– А они немалые, – сказал Томас, имея в виду владения Папы.
И он назвал вдовствующую королеву. Все знали, как самоотверженно старая королева Шарлотта-Амалия старается спасти сына от ловушек, расставляемых ему женщинами-католичками. Говорили, что она угадала его интерес и к ним, и к обрядам Католической Церкви после того, как он, будучи кронпринцем, во время своей образовательной поездки долго оставался в Италии и вел там “приятную жизнь”, как выразилась королева-мать. А эта старая дама все еще имела большое влияние на молодого короля, считал Томас.

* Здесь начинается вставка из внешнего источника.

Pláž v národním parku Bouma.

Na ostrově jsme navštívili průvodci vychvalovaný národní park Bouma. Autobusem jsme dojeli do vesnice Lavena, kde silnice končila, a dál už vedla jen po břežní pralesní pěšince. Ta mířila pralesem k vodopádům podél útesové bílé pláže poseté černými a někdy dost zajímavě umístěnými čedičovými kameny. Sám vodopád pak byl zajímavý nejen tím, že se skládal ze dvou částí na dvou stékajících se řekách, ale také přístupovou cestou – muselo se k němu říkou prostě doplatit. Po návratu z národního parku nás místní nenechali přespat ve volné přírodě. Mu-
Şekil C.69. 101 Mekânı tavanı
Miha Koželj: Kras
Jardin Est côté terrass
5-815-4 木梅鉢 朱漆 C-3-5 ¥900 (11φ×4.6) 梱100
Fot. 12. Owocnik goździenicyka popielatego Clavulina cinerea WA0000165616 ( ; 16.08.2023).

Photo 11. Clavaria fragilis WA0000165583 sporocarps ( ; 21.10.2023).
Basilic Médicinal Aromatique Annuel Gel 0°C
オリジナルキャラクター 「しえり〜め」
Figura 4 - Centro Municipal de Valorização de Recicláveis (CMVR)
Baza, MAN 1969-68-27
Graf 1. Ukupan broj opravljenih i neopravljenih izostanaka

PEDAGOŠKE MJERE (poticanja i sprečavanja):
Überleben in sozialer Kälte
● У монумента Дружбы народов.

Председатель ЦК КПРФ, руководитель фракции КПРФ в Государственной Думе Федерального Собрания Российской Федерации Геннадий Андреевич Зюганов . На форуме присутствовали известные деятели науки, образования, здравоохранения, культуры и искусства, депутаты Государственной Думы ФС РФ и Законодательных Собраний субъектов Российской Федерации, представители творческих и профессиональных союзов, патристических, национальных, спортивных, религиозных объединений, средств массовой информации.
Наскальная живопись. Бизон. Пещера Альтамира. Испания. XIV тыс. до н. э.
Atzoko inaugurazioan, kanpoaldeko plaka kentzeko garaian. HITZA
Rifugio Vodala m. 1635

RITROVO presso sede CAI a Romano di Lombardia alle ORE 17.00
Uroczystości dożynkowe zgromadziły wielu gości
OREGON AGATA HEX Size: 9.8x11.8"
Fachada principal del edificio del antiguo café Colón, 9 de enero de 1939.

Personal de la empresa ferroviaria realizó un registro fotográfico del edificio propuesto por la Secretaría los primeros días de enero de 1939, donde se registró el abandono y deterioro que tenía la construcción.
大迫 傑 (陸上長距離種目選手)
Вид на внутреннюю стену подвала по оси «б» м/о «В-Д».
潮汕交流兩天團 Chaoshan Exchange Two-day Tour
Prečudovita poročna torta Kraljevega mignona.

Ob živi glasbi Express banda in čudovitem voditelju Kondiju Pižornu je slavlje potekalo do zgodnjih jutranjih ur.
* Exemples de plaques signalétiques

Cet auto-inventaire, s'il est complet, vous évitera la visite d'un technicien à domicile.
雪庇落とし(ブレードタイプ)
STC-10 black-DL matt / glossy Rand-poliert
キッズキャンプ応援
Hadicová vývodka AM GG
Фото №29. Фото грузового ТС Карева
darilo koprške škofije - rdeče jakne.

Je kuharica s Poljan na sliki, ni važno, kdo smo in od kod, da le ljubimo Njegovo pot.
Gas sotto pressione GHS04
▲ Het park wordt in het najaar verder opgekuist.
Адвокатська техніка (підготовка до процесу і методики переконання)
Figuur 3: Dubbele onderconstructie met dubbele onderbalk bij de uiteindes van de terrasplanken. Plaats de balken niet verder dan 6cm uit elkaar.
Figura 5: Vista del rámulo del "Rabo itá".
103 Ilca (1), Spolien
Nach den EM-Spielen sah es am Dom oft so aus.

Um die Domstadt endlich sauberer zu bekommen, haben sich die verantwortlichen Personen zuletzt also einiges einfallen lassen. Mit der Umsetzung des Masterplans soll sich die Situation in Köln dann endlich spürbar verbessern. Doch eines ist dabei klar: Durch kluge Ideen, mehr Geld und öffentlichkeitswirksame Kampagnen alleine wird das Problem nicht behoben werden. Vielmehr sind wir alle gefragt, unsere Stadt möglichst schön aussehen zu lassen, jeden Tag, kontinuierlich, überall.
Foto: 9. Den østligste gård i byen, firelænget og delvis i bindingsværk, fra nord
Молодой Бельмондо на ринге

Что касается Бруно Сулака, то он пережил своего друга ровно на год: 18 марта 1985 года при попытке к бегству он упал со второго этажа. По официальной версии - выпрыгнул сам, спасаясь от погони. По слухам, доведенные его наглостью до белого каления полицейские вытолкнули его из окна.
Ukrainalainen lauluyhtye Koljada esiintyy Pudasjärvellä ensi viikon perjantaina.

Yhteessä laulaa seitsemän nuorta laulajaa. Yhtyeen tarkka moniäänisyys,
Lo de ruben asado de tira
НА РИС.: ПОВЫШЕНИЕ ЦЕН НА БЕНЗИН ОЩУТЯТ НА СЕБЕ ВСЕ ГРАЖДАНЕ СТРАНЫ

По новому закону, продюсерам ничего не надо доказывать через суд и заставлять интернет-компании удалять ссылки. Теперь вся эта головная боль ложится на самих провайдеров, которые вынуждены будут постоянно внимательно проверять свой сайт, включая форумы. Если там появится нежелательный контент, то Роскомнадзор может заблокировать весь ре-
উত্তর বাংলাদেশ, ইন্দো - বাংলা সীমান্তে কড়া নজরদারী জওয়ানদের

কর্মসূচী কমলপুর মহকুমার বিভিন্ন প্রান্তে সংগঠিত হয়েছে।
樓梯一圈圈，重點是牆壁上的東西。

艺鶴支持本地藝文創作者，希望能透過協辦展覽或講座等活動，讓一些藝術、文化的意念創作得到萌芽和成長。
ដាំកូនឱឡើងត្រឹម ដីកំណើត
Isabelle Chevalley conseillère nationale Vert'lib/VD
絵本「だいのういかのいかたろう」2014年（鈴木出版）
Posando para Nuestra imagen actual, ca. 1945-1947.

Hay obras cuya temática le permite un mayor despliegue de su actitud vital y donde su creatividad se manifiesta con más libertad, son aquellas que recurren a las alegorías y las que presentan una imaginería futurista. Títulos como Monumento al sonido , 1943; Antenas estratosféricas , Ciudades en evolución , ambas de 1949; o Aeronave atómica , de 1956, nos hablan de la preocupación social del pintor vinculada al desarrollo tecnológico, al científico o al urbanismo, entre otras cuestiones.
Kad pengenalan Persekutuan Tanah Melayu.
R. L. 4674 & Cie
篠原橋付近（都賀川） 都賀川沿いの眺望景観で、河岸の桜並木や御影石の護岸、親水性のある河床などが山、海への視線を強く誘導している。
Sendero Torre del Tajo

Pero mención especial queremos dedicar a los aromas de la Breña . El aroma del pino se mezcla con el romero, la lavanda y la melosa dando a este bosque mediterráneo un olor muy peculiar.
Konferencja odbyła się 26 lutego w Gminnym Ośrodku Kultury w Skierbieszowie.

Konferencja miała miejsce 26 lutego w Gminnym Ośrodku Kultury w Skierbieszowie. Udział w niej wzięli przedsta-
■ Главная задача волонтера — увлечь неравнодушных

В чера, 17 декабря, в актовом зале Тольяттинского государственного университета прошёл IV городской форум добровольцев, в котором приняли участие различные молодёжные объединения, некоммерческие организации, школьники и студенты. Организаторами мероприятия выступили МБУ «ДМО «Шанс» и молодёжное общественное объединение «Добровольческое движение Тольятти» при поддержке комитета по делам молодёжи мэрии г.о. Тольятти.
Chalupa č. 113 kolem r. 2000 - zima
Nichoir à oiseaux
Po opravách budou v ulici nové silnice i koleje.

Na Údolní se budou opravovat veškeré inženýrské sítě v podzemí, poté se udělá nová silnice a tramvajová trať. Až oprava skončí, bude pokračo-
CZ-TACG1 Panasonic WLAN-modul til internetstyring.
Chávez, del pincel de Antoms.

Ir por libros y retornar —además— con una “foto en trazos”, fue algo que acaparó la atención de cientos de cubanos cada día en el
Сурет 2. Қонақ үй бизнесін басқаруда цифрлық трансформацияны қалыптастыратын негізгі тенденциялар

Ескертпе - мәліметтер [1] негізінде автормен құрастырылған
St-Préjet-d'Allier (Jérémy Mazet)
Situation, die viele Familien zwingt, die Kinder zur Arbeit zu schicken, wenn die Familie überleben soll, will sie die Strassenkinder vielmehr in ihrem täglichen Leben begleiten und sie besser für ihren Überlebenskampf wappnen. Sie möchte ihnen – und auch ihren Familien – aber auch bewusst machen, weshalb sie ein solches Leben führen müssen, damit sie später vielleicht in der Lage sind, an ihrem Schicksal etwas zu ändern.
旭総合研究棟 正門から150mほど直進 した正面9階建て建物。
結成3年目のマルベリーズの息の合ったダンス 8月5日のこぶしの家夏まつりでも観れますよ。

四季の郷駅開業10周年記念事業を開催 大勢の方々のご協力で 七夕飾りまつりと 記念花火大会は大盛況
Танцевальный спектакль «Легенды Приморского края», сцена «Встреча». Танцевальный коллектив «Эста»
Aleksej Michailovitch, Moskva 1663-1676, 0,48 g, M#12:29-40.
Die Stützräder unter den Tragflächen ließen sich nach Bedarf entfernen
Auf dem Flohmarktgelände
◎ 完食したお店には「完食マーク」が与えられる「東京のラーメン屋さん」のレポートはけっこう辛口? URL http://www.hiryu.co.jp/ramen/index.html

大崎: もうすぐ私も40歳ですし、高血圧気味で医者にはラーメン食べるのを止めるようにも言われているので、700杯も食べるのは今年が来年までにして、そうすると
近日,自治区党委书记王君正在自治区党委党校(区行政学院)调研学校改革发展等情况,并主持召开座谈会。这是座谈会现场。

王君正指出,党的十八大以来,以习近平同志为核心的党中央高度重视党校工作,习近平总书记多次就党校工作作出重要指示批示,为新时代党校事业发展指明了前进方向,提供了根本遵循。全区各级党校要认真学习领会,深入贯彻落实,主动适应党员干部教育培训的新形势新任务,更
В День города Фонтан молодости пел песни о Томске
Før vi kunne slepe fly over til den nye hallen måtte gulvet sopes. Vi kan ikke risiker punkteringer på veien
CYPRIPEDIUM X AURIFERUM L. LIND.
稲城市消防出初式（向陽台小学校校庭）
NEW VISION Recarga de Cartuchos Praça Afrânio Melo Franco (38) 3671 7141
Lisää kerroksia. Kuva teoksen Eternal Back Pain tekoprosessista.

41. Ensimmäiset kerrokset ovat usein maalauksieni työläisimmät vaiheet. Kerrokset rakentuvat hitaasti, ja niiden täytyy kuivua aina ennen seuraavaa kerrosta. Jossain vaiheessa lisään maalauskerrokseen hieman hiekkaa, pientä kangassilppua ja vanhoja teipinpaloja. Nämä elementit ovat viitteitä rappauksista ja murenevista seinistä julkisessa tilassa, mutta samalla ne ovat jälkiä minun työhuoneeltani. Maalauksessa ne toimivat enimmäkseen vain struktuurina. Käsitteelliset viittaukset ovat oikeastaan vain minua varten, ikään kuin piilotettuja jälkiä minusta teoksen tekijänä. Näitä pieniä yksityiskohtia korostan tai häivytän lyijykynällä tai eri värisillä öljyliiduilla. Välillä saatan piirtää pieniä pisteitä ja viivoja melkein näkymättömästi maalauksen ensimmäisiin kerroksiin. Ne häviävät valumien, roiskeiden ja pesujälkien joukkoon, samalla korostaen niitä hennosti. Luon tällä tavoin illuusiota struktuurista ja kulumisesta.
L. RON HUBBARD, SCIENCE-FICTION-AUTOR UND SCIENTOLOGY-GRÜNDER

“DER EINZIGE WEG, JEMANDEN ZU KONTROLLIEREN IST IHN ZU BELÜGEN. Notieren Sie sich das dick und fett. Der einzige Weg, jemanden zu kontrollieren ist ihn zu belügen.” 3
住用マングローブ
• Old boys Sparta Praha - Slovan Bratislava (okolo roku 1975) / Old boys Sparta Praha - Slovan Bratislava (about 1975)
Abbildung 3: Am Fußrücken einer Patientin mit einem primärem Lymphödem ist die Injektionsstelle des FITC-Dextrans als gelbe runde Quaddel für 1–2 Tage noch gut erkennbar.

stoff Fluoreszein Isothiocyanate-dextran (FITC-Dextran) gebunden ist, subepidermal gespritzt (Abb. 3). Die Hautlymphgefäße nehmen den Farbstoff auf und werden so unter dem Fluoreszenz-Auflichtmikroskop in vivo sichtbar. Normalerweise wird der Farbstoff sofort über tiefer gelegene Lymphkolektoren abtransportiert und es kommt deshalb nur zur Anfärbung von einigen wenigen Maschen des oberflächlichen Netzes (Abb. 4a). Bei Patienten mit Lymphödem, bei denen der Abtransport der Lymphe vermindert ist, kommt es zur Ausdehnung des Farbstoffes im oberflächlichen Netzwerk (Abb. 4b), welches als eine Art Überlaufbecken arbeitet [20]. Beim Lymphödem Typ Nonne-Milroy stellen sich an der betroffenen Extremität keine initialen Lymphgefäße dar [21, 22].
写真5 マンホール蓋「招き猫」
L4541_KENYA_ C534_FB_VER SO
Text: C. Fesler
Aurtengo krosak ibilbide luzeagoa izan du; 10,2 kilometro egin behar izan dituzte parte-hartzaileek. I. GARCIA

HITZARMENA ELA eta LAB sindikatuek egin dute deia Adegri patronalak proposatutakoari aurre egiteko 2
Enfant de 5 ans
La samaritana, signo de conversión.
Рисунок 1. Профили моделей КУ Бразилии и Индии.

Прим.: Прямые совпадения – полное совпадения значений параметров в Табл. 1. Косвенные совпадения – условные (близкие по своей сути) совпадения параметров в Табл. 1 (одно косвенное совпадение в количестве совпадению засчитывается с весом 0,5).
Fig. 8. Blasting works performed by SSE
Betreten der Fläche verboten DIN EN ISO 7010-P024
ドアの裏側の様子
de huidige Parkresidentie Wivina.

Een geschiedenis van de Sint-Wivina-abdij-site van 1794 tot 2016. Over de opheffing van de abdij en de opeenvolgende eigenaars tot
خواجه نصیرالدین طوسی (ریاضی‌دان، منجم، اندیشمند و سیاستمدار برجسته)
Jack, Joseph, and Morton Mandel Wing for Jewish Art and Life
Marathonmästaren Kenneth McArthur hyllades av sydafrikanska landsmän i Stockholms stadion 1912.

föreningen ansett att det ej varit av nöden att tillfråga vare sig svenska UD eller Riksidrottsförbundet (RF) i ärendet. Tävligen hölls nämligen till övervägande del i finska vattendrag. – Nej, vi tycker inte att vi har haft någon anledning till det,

Все это крутилось у меня в голове, в то время как лес и темнота постепенно сгущались вокруг меня. И еще я пытался понять, действительно ли послу Папы дозволено совершать убийства, не неся за это наказания, и обязан ли его секретарь в таком случае предотвращать эти преступления? И обязан ли он разоблачить убийцу в тех случаях, когда предотвратить убийство оказалось невозможно? А главное, не будет ли выполнение этого долга, если я его выполню, грозить опасностью внешней политике и миру всей страны, а вместе с этим и хрупкой шее самого секретаря?
Темный осенний лес был неподходящим местом для таких мыслей, и я вместо этого начал думать о прелестной фрейлейн Саре, которая вместе со всеми спала сейчас в доме Пера Хестеберга. Я вспоминал ее темно-русые волосы, которые она иногда закалывала на макушке, обнажая стройную шею, не скрытую воротником, ее накидку на волосы, которая никогда не могла удержать на месте непослушные локоны, и широкую черную бархатную ленту, которую она повязывала на лоб, чтобы в дороге защитить нежную кожу. Она, безусловно, благородная дама, думал я, потому что такие повязки я видел в Копенгагене только у богатых женщин. Часто концы ленты были украшены тесьмой или жемчужинами. Дочь одного золотаря недавно приговорили к штрафу в пять риксдалеров за то, что она носила такую ленту для защиты кожи, хотя ее отец клялся и божился, что лента используется и куплена законно и за нее честно уплачено. Я вспоминал и другие части туалета фрейлейн Сары, а именно манжеты на рукавах, чья белоснежная вышивка или просто белая ткань весело порхала вокруг ее рук, которые ни минуты не находились в покое. И задавался вопросом: возможно ли представить себе, чтобы жалкий секретарь когда-нибудь обручился со столь прекрасной барышней?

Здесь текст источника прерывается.